» **What to produce**
Excluding pictures, reproduce word for word the lines from the one containing "국경 간 새로운 다채로운" through the end of the material below.

» **Given information**
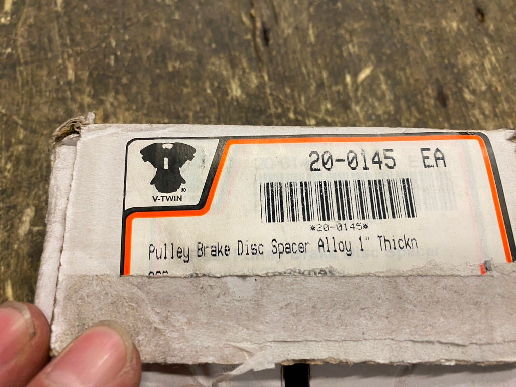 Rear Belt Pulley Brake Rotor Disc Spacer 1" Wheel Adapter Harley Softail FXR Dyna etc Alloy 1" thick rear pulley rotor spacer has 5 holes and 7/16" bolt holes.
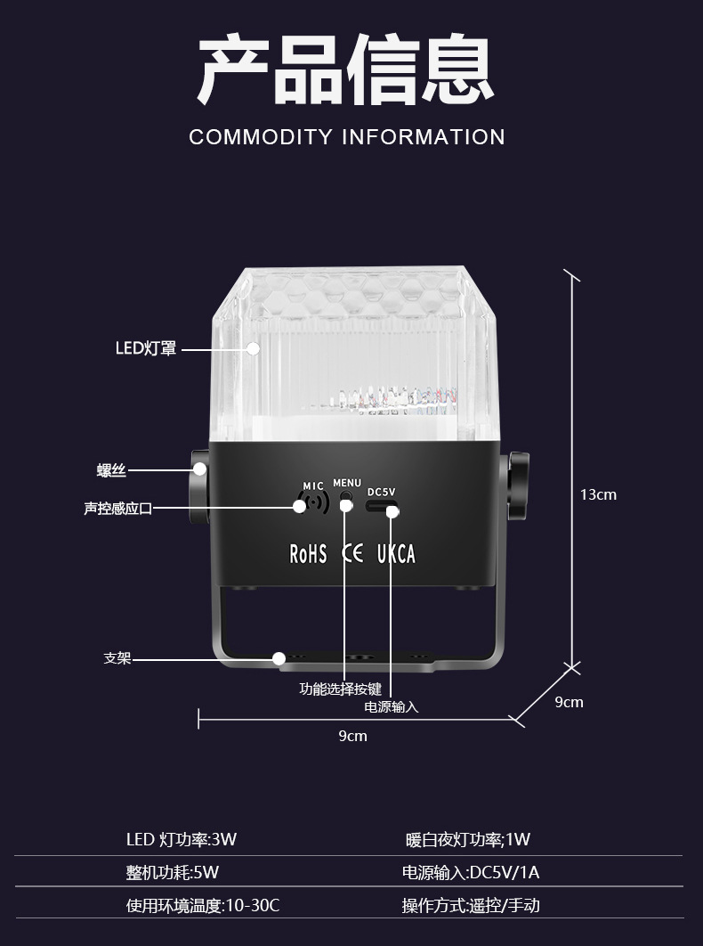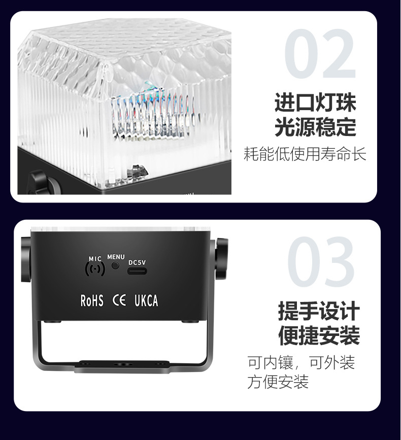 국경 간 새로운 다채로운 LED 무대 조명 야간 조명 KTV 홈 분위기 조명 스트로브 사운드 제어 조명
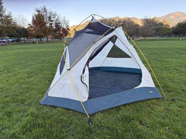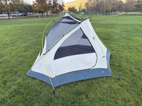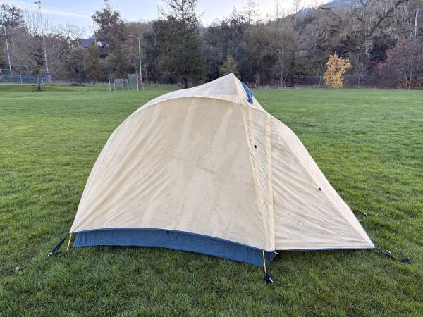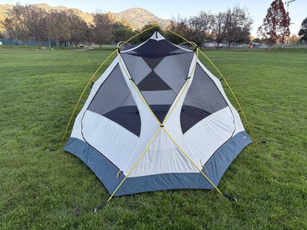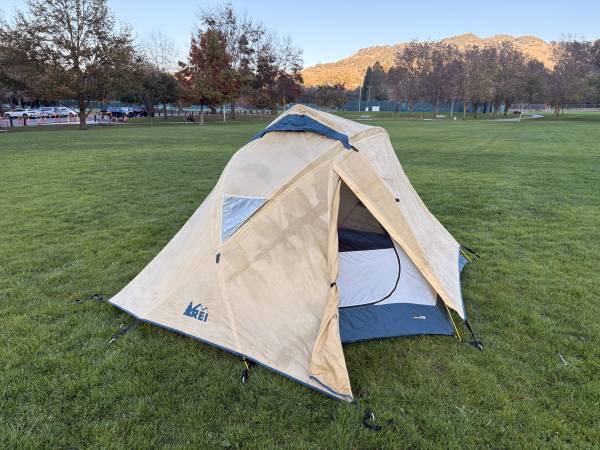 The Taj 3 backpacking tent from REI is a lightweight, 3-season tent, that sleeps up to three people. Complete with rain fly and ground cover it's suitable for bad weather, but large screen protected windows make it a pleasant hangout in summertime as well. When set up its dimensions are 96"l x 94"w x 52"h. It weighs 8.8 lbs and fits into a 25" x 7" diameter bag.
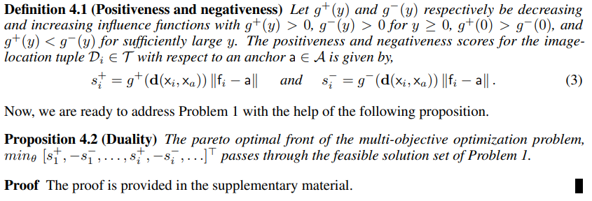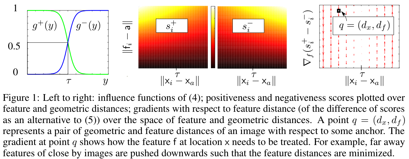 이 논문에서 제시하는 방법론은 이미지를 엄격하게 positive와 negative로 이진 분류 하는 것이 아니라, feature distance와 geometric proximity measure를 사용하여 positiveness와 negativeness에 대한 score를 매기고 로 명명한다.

» **Task solution**
 국경 간 새로운 다채로운 LED 무대 조명 야간 조명 KTV 홈 분위기 조명 스트로브 사운드 제어 조명
 The Taj 3 backpacking tent from REI is a lightweight, 3-season tent, that sleeps up to three people. Complete with rain fly and ground cover it's suitable for bad weather, but large screen protected windows make it a pleasant hangout in summertime as well. When set up its dimensions are 96"l x 94"w x 52"h. It weighs 8.8 lbs and fits into a 25" x 7" diameter bag.
 이 논문에서 제시하는 방법론은 이미지를 엄격하게 positive와 negative로 이진 분류 하는 것이 아니라, feature distance와 geometric proximity measure를 사용하여 positiveness와 negativeness에 대한 score를 매기고 로 명명한다.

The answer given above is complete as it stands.